To understand what a “lawnmower celebration” is, one just has to see it:
“Bob has this quality with people. He can relate to anybody in any situation,” said Tony Migliaccio, who started as a Brewers bat boy in 1978 and has been with the club ever since, now as director of clubhouse operations. “He’ll sit and have a 10-minute conversation with a guy sweeping the parking lot, then come in here and have a 10-minute conversation with Mark [Attanasio, the Brewers’ chairman and principal owner]. You know what I mean?
“It’s like he’s your best friend. That’s a true gift to connect to people.”
The connection is stronger than ever this week. For the first time since prior to the pandemic, Uecker will be on the road with the Brewers in Atlanta, calling games for the Brewers Radio Network.
It will be his first visit to Truist Park, site of Game 3 of the NLDS on Monday.
It’s an opportunity to reconnect with his baseball roots, since one of Uecker’s earliest stops was Double-A Atlanta, playing at Ponce de Leon Park in 1958 and ’59 before moving up to Triple-A and eventually the big leagues.

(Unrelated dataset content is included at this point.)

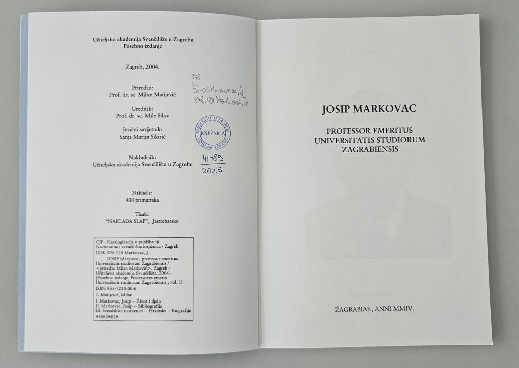 Josip Markovac, Professor Emeritus Univeritatis studiorum Zagrebiensis priredio Milan Matijević, Zagreb: Učiteljska akademija Sveučilišta, 2004.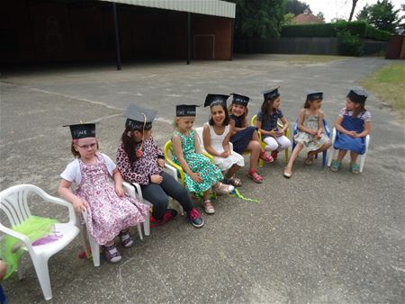 Ook in de kleuterschool Pagadder in Berkenbos hebben de kleuters in stijl afscheid genomen. Ze kregen niet alleen hun diploma maar gaven net als de juffen enkele optredens. (foto's Leentje Elsen)16480

Uecker played alongside Hank Aaron with the Milwaukee Braves in ’62 and ’63, then reunited with “The Hammer” in Atlanta in 1967. Uecker said he’s been thinking about Aaron this week and wondering what he would make of the first postseason matchup between the Braves and Brewers.
There’s no doubt where Uecker’s rooting interests lie.
“I’ve liked [the Brewers] all year long,” he said. “We went through that whole COVID thing last year, and it was a bummer. You didn’t get to really see what the guys do through a full season.”
That’s why it meant so much to celebrate in person with the team when the Brewers clinched the division on Sept. 26.
“This is good,” Uecker said. “Really good.”
In recent weeks, Uecker was asked whether he ever ponders retirement. The answer was a quick no, as long as he’s able to do his job without embarrassing himself or the organization. He will know, Uecker insisted, when it’s time.
“I think keep doing it,” Larrea said. “Tell me what other 87-year-old is that active and can work. Someone told me the other day when Bob had his first pitch [prior to NLDS Game 1], ‘I look at my 81-year-old aunt and she’s spooning pudding in her mouth and going to bed.’ Now look at what Bob is doing at age 87.
“I think the work, being around everyone, the players, the front office, the media, everyone, it invigorates him. It keeps him young.”